Acórdão do Tribunal da Relação de Lisboa
Processo:
983/09.5TJLSB.L1-1
Relator: AFONSO HENRIQUE
Descritores: CLÁUSULA CONTRATUAL GERAL
ACÇÃO INIBITÓRIA
CLAUSULA ABUSIVA
Nº do Documento: RL
Data do Acordão: 10/16/2012
Votação: UNANIMIDADE
Texto Integral: N
Texto Parcial: S
Meio Processual: APELAÇÃO
Decisão: PROCEDÊNCIA
Sumário: I - A regulação das Cláusulas Contratuais Gerais nasceu da necessidade de combater a padronização de contratos, que o tráfico comercial actual vinha exigindo, mas que, levou a que, proliferassem, nomeadamente, os denominados contratos de adesão, muito deles com cláusulas ofensivas do princípio da boa fé.
II - Para prevenir abusos contratuais e defender os consumidores está prevista a acção inibitória de cláusulas alegadamente abusivas, a qual tem um efeito preventivo que não se esgota com o mero assentimento voluntário da empresa em causa no sentido de desistir de incluir tal cláusula nos seus contratos de adesão.
(Sumário do Relator)
Decisão Texto Parcial:ACORDAM NESTE TRIBUNAL DA RELAÇÃO DE LISBOA (1ª SECÇÃO)
Nos presentes autos de acção declarativa de condenação, com processo sumário, que Ministério Público, ao abrigo do preceituado nos artºs 25º, 26º/1, c), e 27º/2, todos do DL 446/85, de 25 de Outubro, instaurou contra:
“C.- Telecomunicações, SA”, pessoa colectiva nº 503 412 031.
Pede o Autor que: - Seja declarada nula uma cláusula contratual geral utilizada pela Ré nos contratos que celebra com os seus clientes, condenando-se a Ré a abster-se de a usar em futuros contratos, e ainda que, a Ré seja também condenada a dar publicidade à proibição, nos termos do artº 30º/2 do diploma supra citado (para além de pedir a aplicação do artº 34º desse DL 446/85, de 25 de Outubro).
Na contestação, a Ré suscitou a eventual inutilidade originária da lide, por argumentar - em síntese - que cessou a utilização da cláusula contratual geral que o Autor, Ministério Público, pretende ver declarada nula (tal questão dependia ainda de prova a produzir, pelo que foi relegado o seu conhecimento para o momento próprio: o da sentença final).

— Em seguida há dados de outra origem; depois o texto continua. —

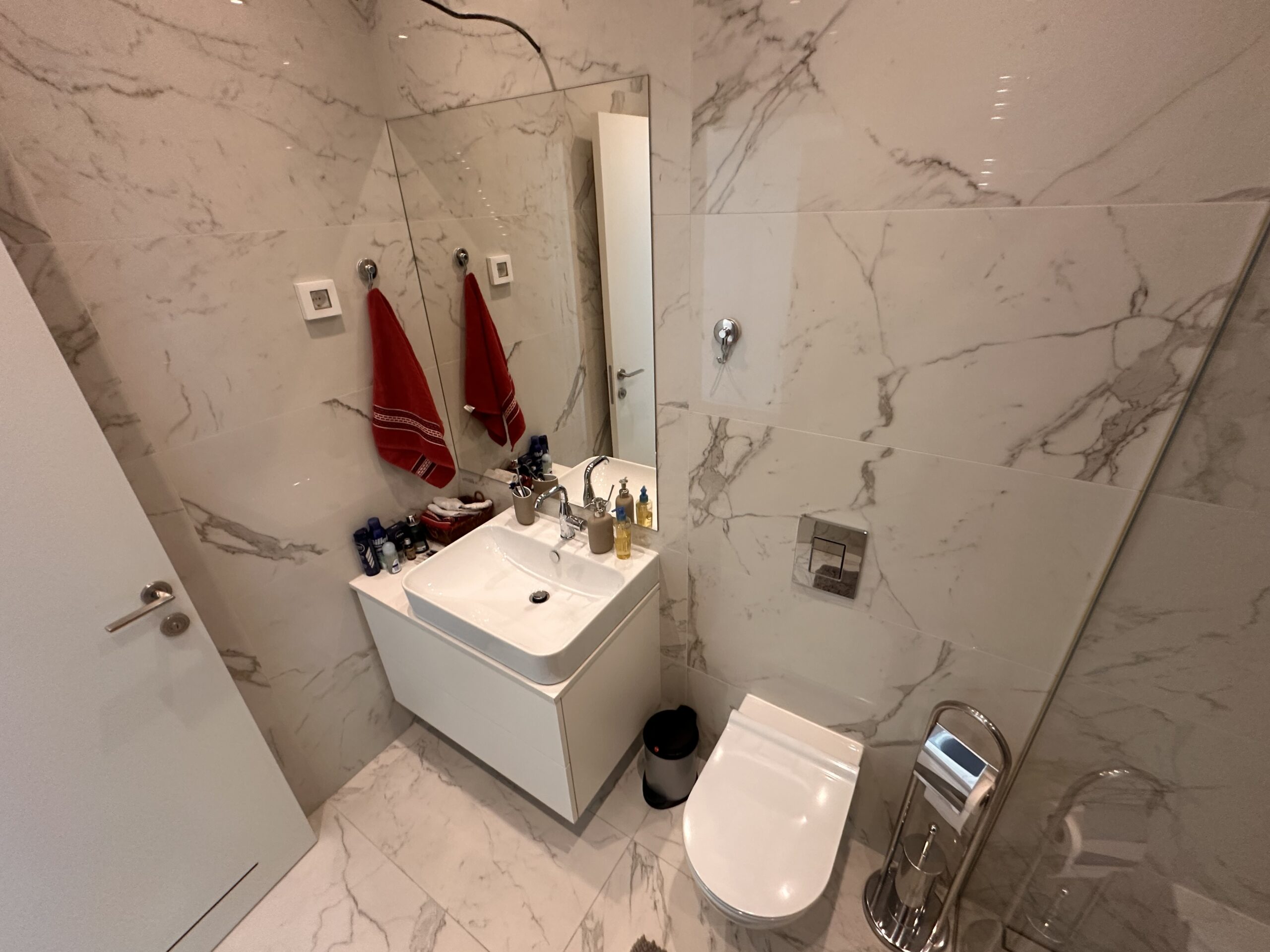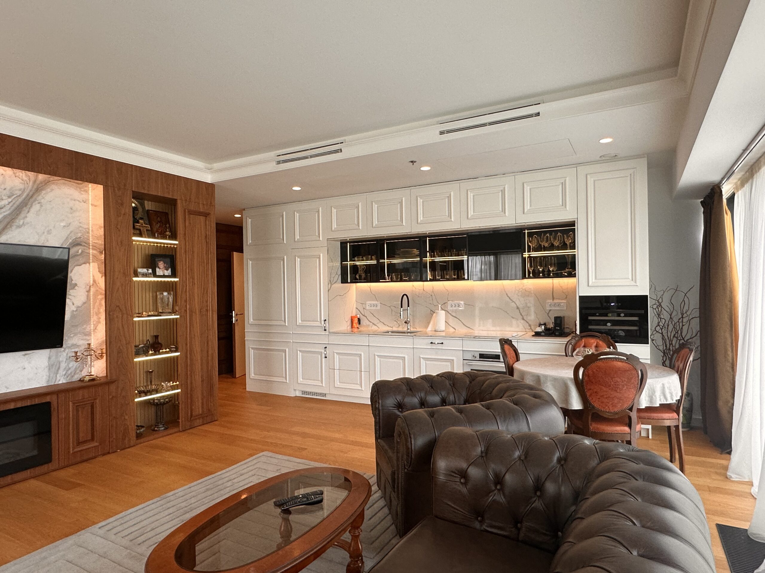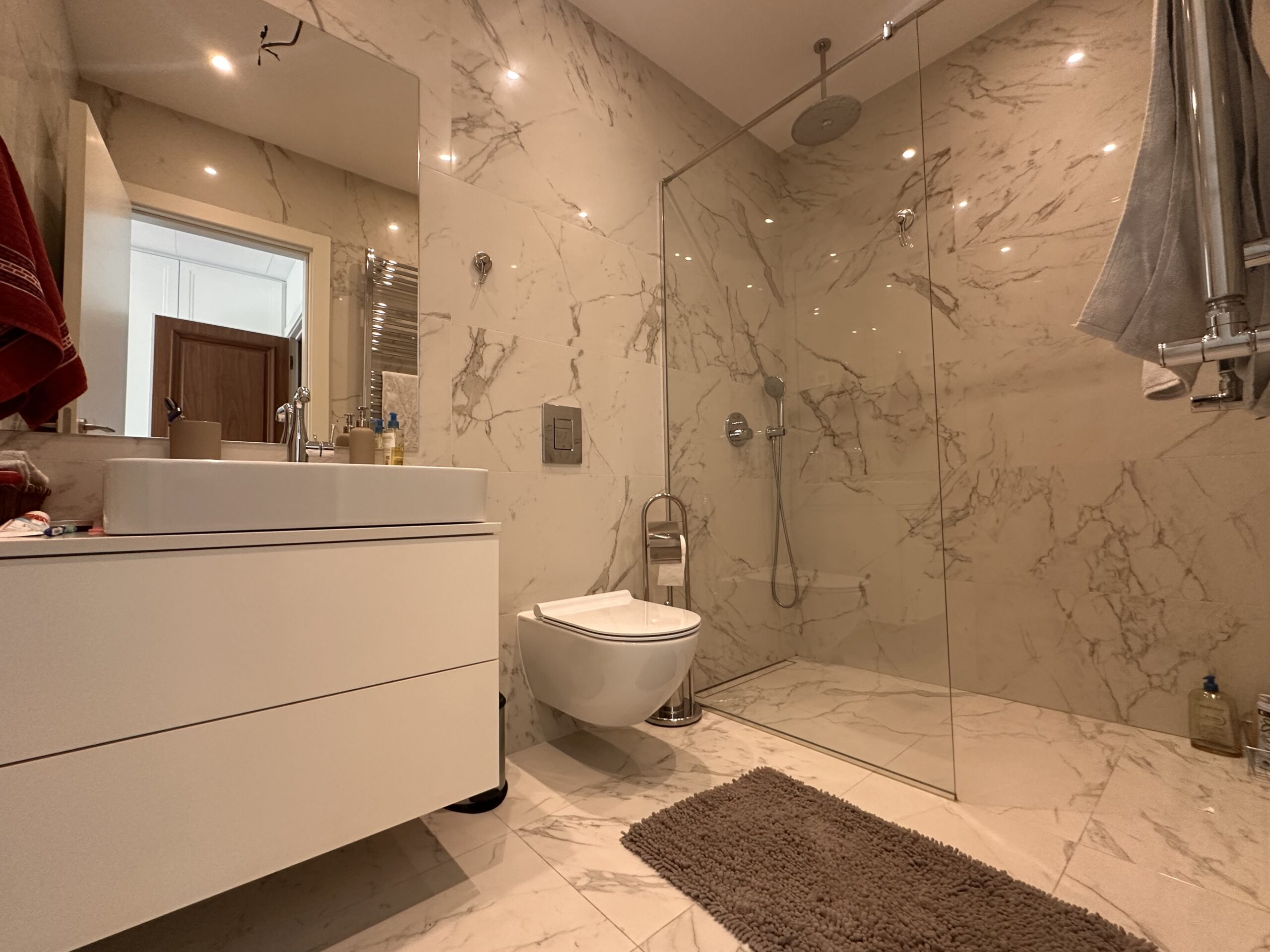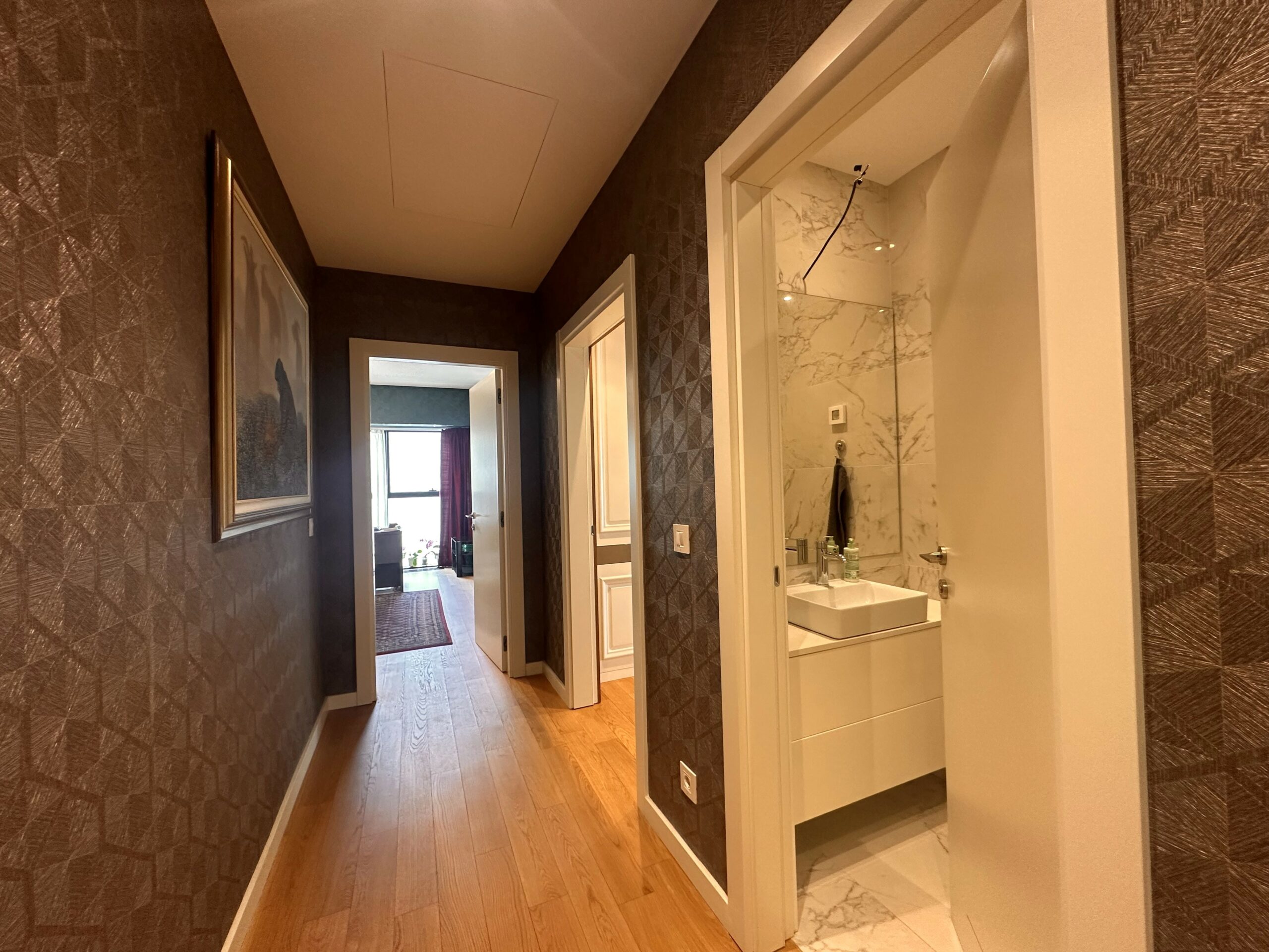 Stan je odličan, komforan, svetao i prozračan. Sastoji se iz predsoblja, open space dnevnog boravka sa kuhinjom i trpezarijskim prostorom, dvije spavaće sobe, dva kupatila, gostinskog toaleta i vešernice. Obe spavaće sobe imaju svoje kupatilo sa tuš kabinom.

Foi realizada a Audiência final e proferida a seguinte sentença - parte decisória:
“-…-
DECISÃO
- Nos termos e com os fundamentos expostos, julgando verificada a inutilidade superveniente (subjectiva) da lide, decido julgar extinta a instância nestes autos, nos termos do artigo 287º, e), do CPC.
- Sem custas, por delas estar isento o Ministério Público – artigo 29º/1 do Decreto-Lei nº 446/85, de 25 de Outubro.
-…-”
Desta sentença veio o MºPº recorrer, recurso esse que foi admitido como sendo de apelação, a subir nos próprios autos e com efeito meramente devolutivo.
E fundamentou o respectivo recurso, formulando as seguintes CONCLUSÕES:
1 - O julgamento da extinção da instância por inutilidade superveniente da lide pressupõe a formulação de um juízo sobre o prosseguimento daquela e que dele resulte o convencimento de que esse prosseguimento é absolutamente inútil, o que não é manifestamente o caso.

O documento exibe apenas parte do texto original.